The other word which is usually translated "will" in English is the Greek word thelema and its cognates, occurring more than fifty times in the NT. It refers to something that is desired or that one wishes to happen. It is this "will" that we are commanded to know (Eph. 5:17), although in our sinfulness we often disregard it. We are commanded to "stand firm" in God's thelema (Col. 4:12). In every instance of its use in the Bible, it signifies God's wishes as to how we should conduct our lives. For example, "It is God's will that by doing good you should silence the ignorant talk of foolish men" (1 Peter 2:15).

It is no accident that a misuse of the word "will", wherein the idea of "seeking God's will" has come to mean finding out His blueprint for the next decision, is often accompanied by similar misuse of words in looking for clues to that guidance in the Bible. The horoscope mentality leads people to find double meanings in words and phrases, and doubtless many readers will be able to cite instances both humorous and tragic.

Various missionary enterprises seem to have been led by passages such as: "Enlarge the place of your tent, stretch your tent curtains wide, do not hold back; lengthen your cords, strengthen your stakes. For you will spread out to the right and to the left" (Isa. 54:2-3). And many an earnest Christian has searched the Scriptures daily looking for God's will about marriage.

One of the authors of this book observed the shock and confusion of a young woman who was approached by a man claiming that God had selected her to be his wife on the basis that guidance had been given through no less than a hundred texts. (To the relief of everyone except this man, she later married someone much more suitable.)

Often a promise in the Bible does have an obvious contemporary application because of a great fulfillment in Christ or a continuing meaning in the modern age. "Honor your father and your mother, so that you may live long in the land the Lord your God is giving you" (Ex. 20:12), for example, does have contemporary application (though not an exact one), as is apparent from its citation by Paul in Ephesians 6:4.

But the practice of claiming biblical promises without reference to their redemptive-historical context generally reveals a disregard for the hermeneutical principles that should obtain. God's will -- thelema -- has been made clear in the Scriptures; He has revealed His preference, His wishes, for the way we should conduct our lives.

It requires effort to understand and absorb God's wishes, but they are not obscure; the process of studying His Word reveals all His will (2 Tim. 2:15) and no "cat-and-mouse" game is necessary.

It is no surprise, therefore, that Paul commended the Ephesian elders "to God and to the word of his grace, which can build you up" (Acts 20:32), and that he commended the Scriptures to Timothy as all he needed for growth and ministry (2 Tim. 3:15-17). Finding God's will is a matter of understanding His Word.

Quite simply, good students of Scripture become sound decision-makers...

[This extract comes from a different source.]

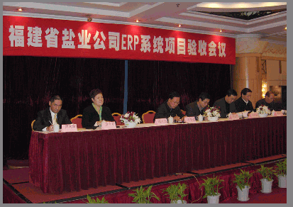 福建省盐业公司总经理郑元奇先生和金蝶集团高级副总裁金卓君女士出席了本次验收会,并在项目验收协议上签字确认。福建省经贸委、福建轻纺(控股)责任有限公司的领导及来自中国盐业总公司、中盐上海市盐业公司、江苏省盐业集团有限责任公司、浙江省杭州市盐业公司、湖南省轻工盐业集团有限责任公司、湖南省湘衡盐矿、陕西省盐务管理局等单位的盐行业信息化专家及福建盐业公司的信息化小组成员,各级公司关键用户的负责人与会共同见证了这一辉煌的时刻。

It must be said there is often a temptation to avoid the effort involved. In the words of a popular proverb, there is no feast without a sacrifice. Understanding God's Word is a lifelong process, never complete of course, but the effort is richly repaid in the ability it brings to choose God's will. When we consider great and godly people in the church, those who have evidently lived out God's will with all its satisfaction and fruitfulness, we find invariably that they have been assiduous students of Scripture with a passion to understand it correctly.

Implicit in this pursuit of biblical understanding is the commitment to obey God's will. Study is not merely for the purpose of savoring doctrine in the abstract. The industrious searching for biblical truth, the daily meditation on the Word, and the striving for sound interpretation are useful only if driven by a desire to please the Lord, to submit to His wishes.